__EXERCISE GOAL__
The answer must consist only of the lines in the records below from the line with "J’ai pris un" to the line with "Beleg von der", both included, copied word for word with every picture left out.
── ENTRIES SHOWN ──
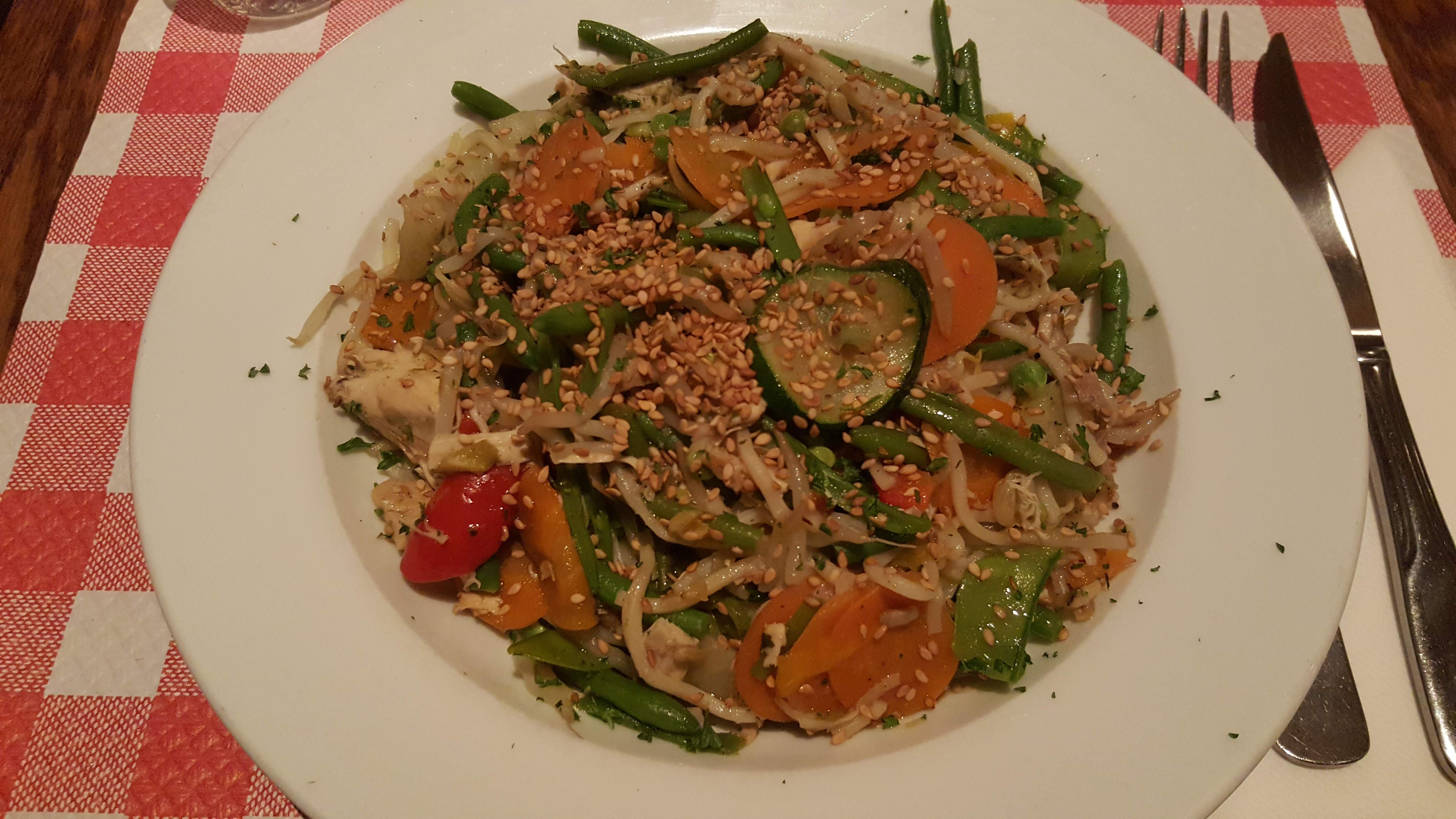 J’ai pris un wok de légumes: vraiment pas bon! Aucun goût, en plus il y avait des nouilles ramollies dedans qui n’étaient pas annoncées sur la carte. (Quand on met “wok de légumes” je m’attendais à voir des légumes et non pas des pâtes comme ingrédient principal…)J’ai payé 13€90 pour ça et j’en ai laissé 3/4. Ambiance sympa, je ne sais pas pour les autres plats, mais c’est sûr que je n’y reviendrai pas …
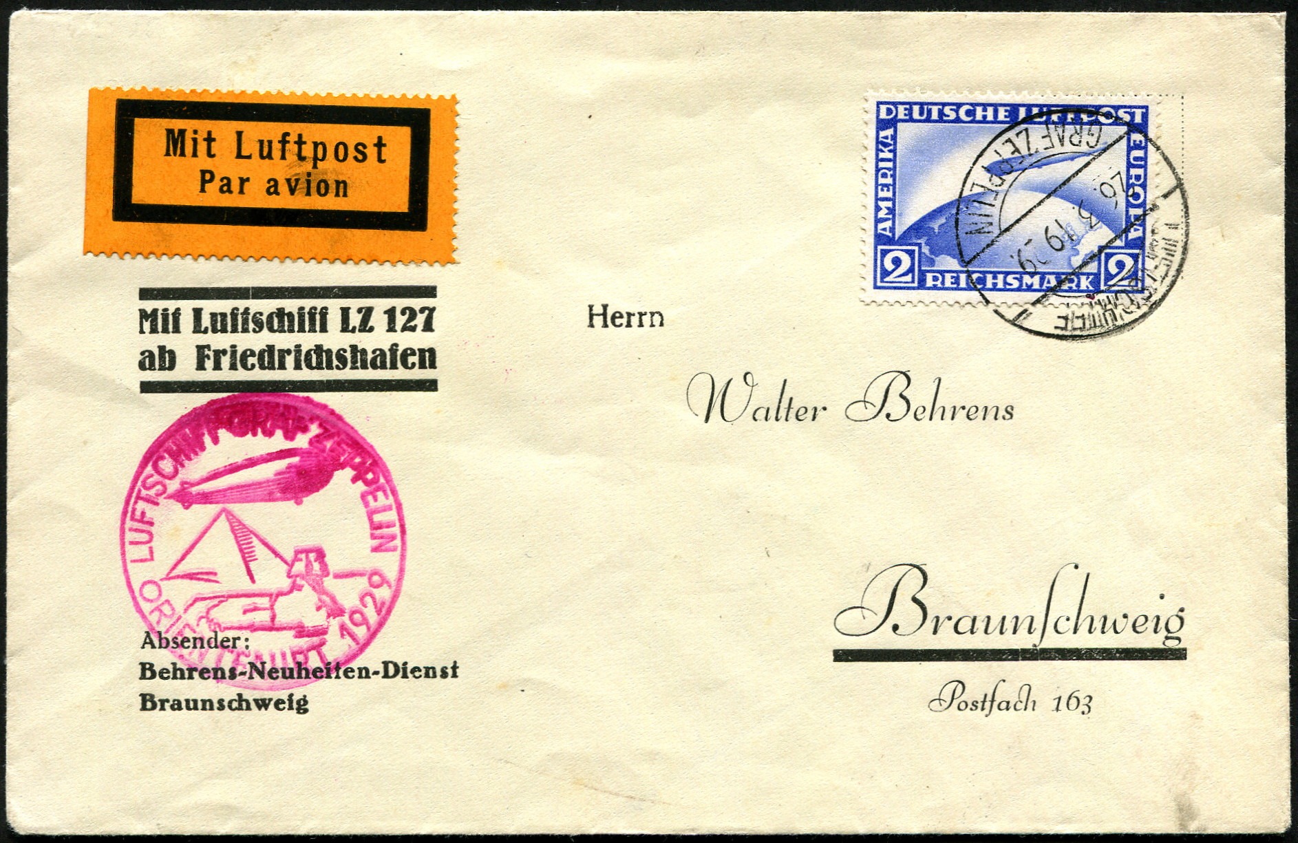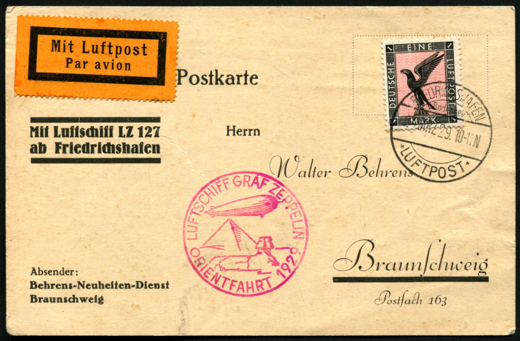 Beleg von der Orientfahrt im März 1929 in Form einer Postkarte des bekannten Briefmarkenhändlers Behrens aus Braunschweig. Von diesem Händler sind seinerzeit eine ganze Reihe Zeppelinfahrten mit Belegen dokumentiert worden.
───
── ENTRIES SHOWN ──
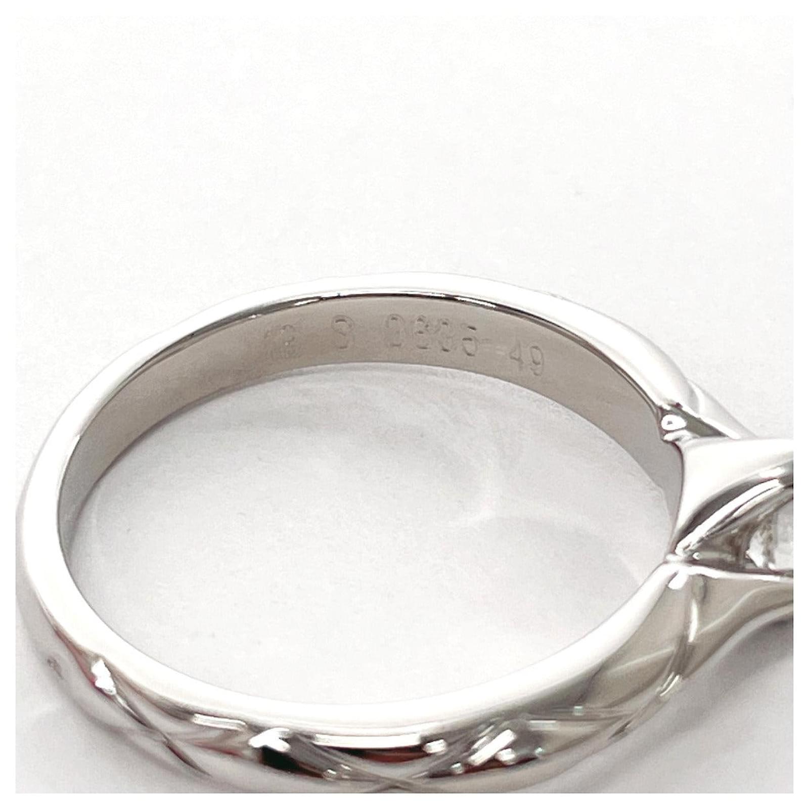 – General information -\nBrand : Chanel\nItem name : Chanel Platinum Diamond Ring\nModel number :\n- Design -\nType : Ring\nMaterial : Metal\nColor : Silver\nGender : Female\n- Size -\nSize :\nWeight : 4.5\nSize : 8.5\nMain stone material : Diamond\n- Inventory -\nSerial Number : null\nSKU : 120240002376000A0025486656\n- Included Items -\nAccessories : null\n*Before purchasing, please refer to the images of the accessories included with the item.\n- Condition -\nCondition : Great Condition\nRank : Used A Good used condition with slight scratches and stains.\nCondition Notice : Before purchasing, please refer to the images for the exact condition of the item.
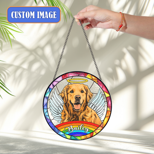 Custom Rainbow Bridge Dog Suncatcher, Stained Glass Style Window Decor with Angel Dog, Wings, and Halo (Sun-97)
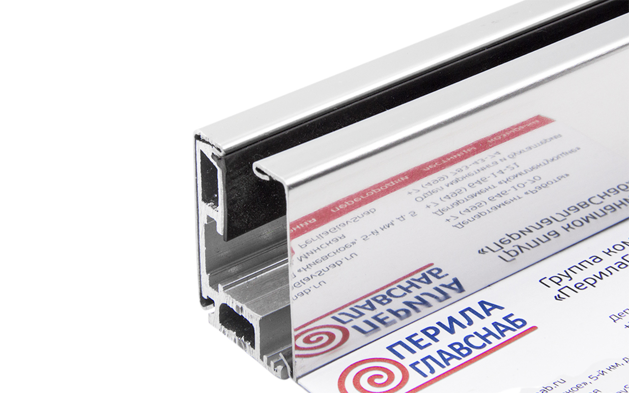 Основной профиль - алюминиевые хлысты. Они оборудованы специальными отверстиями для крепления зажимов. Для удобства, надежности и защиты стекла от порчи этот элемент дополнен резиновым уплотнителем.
───
__RESPONSE AREA__
 J’ai pris un wok de légumes: vraiment pas bon! Aucun goût, en plus il y avait des nouilles ramollies dedans qui n’étaient pas annoncées sur la carte. (Quand on met “wok de légumes” je m’attendais à voir des légumes et non pas des pâtes comme ingrédient principal…)J’ai payé 13€90 pour ça et j’en ai laissé 3/4. Ambiance sympa, je ne sais pas pour les autres plats, mais c’est sûr que je n’y reviendrai pas …
 Beleg von der Orientfahrt im März 1929 in Form einer Postkarte des bekannten Briefmarkenhändlers Behrens aus Braunschweig. Von diesem Händler sind seinerzeit eine ganze Reihe Zeppelinfahrten mit Belegen dokumentiert worden.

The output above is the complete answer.